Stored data
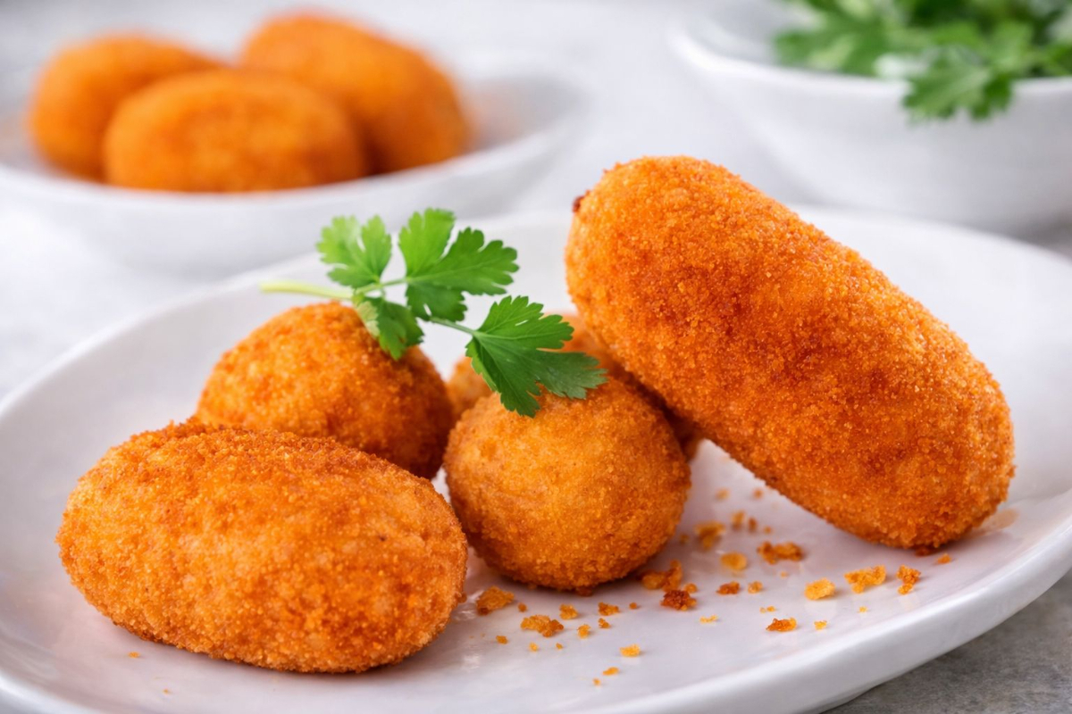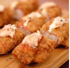 4 uds Deliciosas croquetas apanadas, rellenas de cangrejo y queso crema, acompañadas con salsa de la casa.
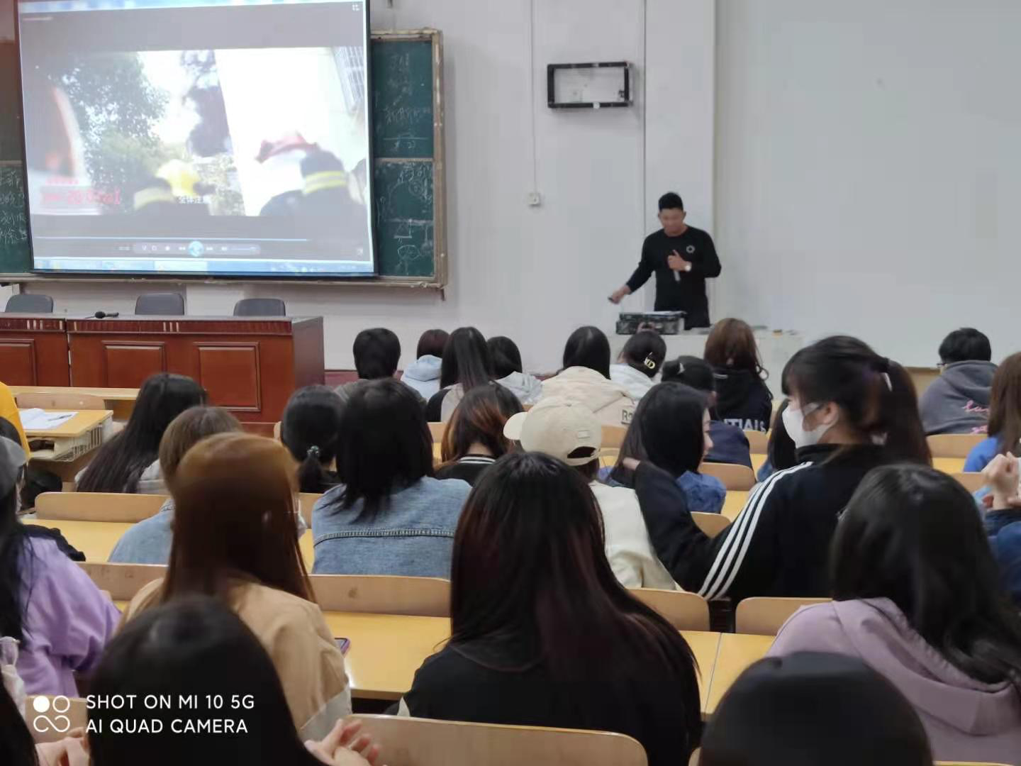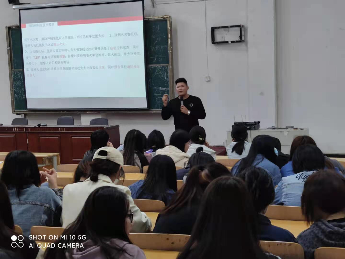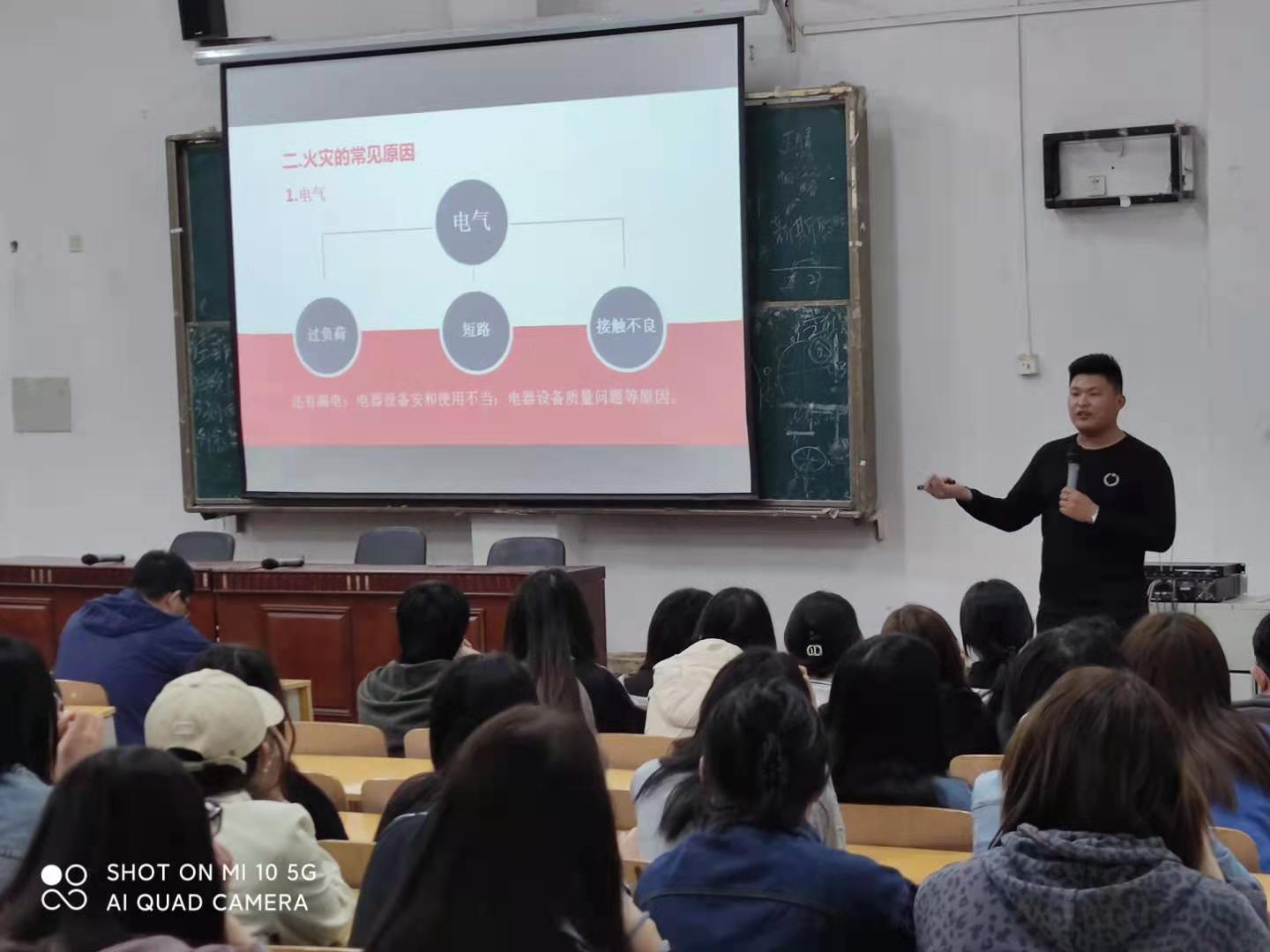 随后,杜老师又给大家讲了常见火灾隐患及排查,比如线路老化,私挂乱接、易燃物品随意堆放、阻塞疏散通道、阻塞消防车通道、电动车随意停放、消防设施损坏等等,并教大家发生火灾如何报警,如何疏散、逃生。他提醒同学们要加强注意,规避隐患。加强了同学们对火灾隐患的认识。
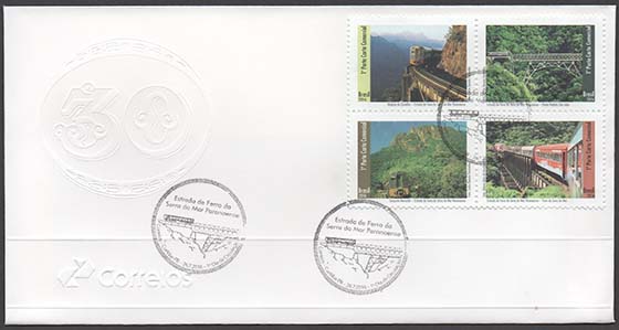 Os selos são fotografias de quatro significativos pontos percorridos na Ferrovia Paranaguá-Curitiba, no Estado do Paraná, uma formidável obra de engenharia construída no sul do Brasil, e, especialmente pelo visual e beleza singelamente espetaculares, de onde se vislumbram e descortinam panoramas deslumbrantes da imponente serra do mar e seu relevo acidentado, do verde pujante da Mata Atlântica preservada e do bucólico litoral paranaense, emoldurados pelo sol, pelo céu azul, e, eventualmente, por nuvens e neblina. Uma paisagem inesquecível, preservada, e que congrega, em toda plenitude, os elementos da natureza, a pureza da atmosfera, da terra e da floresta úmida. Foram usadas as técnicas de fotografia e computação gráfica.
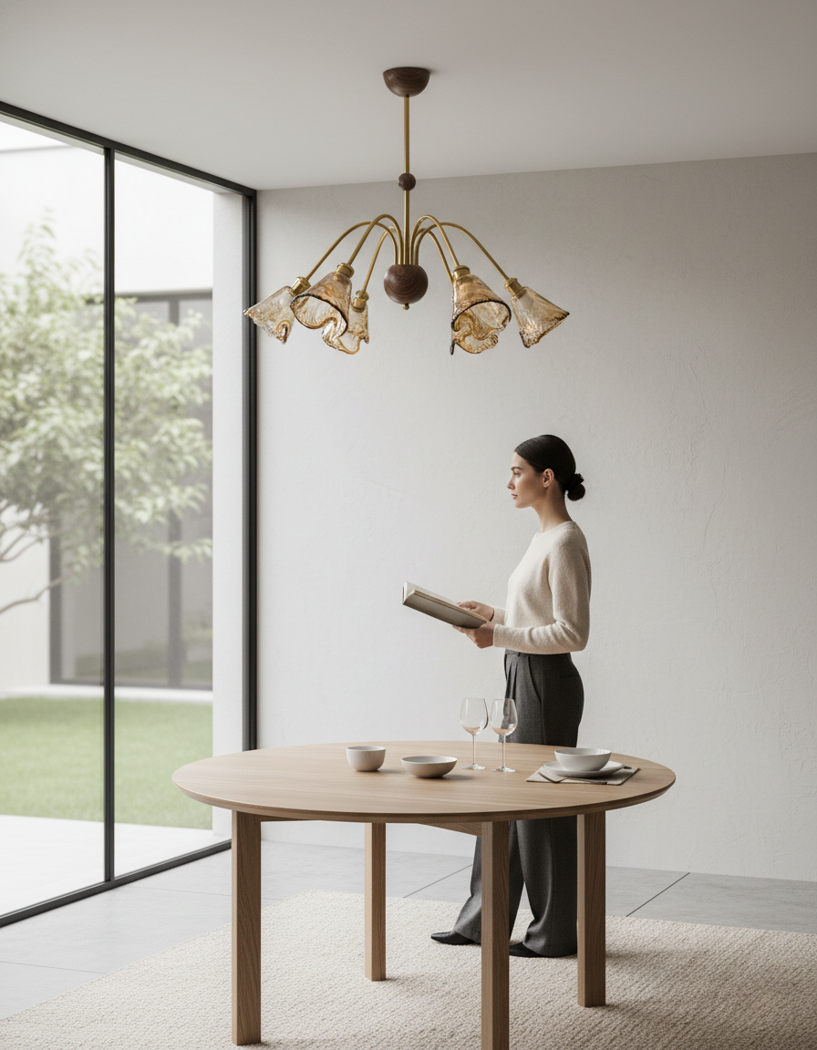 The Ava Artistic Glass Pendant Light combines hand-blown glass with an iron frame for a durable, elegant fixture. Available in multiple colors, this 85cm diameter pendant delivers energy-efficient LED illumination with adjustable color temperatures (3000K, 4500K, 6000K) to suit any mood. Perfect for living rooms, dining areas, or hallways, it brings contemporary style with vintage appeal to your home.
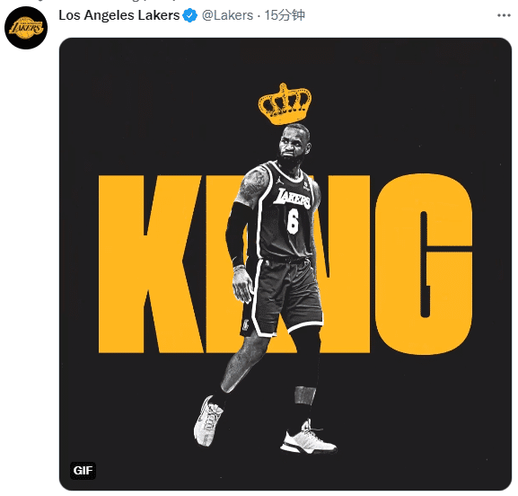 湖人官方第一时间恭喜詹姆斯破纪录,直呼其为国王。
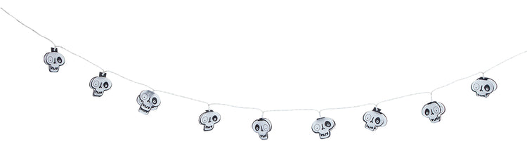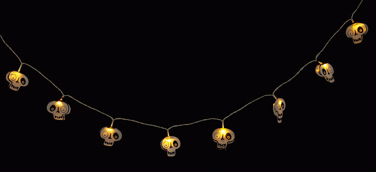 La guirnalda calavera es la decoración perfecta, ilumina la noche de Halloween y sus simpáticas caras ahuyentarán a los más malotes de la fiesta que solo buscan la oscuridad.

§ **TASK DETAILS**:
Beginning with the line that contains "湖人官方第一时间恭喜詹姆斯破纪录,直呼其为国王。" and ending with the final line of the entries, every line must be copied exactly; the pictures must not.

§ **RESULT OF THIS EXERCISE**:
 湖人官方第一时间恭喜詹姆斯破纪录,直呼其为国王。
 La guirnalda calavera es la decoración perfecta, ilumina la noche de Halloween y sus simpáticas caras ahuyentarán a los más malotes de la fiesta que solo buscan la oscuridad.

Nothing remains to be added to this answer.